SHRO-Quarterly
THE RIGHT
TO SELF DETERMINATION
ABDON AGAW- SHRO-CAIRO
Published in Sudanese Human
Rights Quarterly, Issue No. 2, January 1996
Three decades ago,
the cause of the right to self-determination (RSD) was so conservatively
dealt with, especially by the Southerners who most often faced difficulties
in that respect. The reason was that the RSD had been closely linked up
with separation. This was extended to the time of the first military dictatorship
of the Abboud Regime (1958-1969), as well as a proportionate part of the
democratic rule during 1964-1969.
With the signature
of Addis Ababa Agreement in 1972, RSD did not surface any more as Southerners
had been convinced with the Agreement.
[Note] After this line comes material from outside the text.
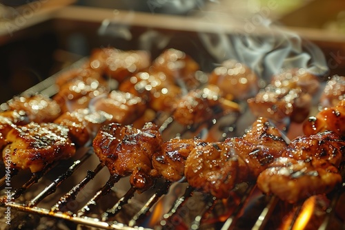 Delicious skewers sizzle over an open flame perfect for a backyard barbecue

Again with the development of Sudanese
political life, RSD was not a sentimental issue any longer.
RSD is simply a right
of a human being, individual or group, to decide upon his/her fate in
cultural, political or economic terms. It is a fundamental human right
that is hardly disputable within such a definition. Is RSD only limited
to peoples colonized by foreign domination or could be extended beyond
that to peoples living within the same homeland?
Despite all different
opinions on this matter, all Sudanese political parties, except the ruling
NIF party, agreed that RSD is a genuine human right with respect to the
agreements and conventions of Geneva.
In the past, a group
of political parties used to oppose the application of this right on any
group existing in the Sudan. Such stances are no more available in the
light of the drastic change occurring in the country. Nonetheless, no
one should ignore the viewpoints of those who are still opposed to RSD.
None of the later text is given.